(Beginning of Recorded information)

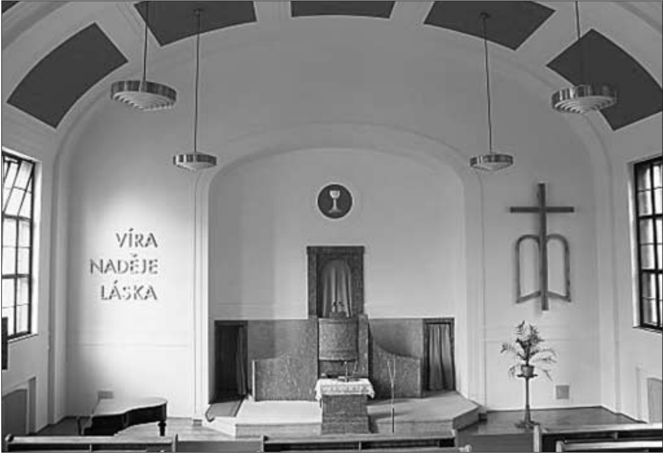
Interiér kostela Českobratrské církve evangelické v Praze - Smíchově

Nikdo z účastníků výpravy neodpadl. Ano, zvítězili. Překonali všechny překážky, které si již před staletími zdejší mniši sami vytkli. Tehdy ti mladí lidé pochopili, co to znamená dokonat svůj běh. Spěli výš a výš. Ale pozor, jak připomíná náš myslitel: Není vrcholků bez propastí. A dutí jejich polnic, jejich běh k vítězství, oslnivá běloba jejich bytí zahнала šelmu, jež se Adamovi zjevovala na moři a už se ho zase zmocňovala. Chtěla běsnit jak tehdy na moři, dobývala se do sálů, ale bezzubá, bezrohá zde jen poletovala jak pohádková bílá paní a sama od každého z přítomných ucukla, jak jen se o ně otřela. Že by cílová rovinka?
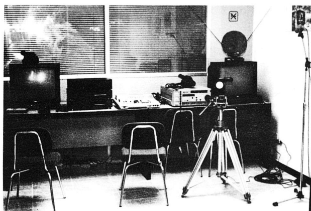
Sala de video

(End of Recorded information)

Task description:
Copy the listing in full and without alteration, omitting every picture.

Task output:
Interiér kostela Českobratrské církve evangelické v Praze - Smíchově

Nikdo z účastníků výpravy neodpadl. Ano, zvítězili. Překonali všechny překážky, které si již před staletími zdejší mniši sami vytkli. Tehdy ti mladí lidé pochopili, co to znamená dokonat svůj běh. Spěli výš a výš. Ale pozor, jak připomíná náš myslitel: Není vrcholků bez propastí. A dutí jejich polnic, jejich běh k vítězství, oslnivá běloba jejich bytí zahнала šelmu, jež se Adamovi zjevovala na moři a už se ho zase zmocňovala. Chtěla běsnit jak tehdy na moři, dobývala se do sálů, ale bezzubá, bezrohá zde jen poletovala jak pohádková bílá paní a sama od každého z přítomných ucukla, jak jen se o ně otřela. Že by cílová rovinka?
Sala de video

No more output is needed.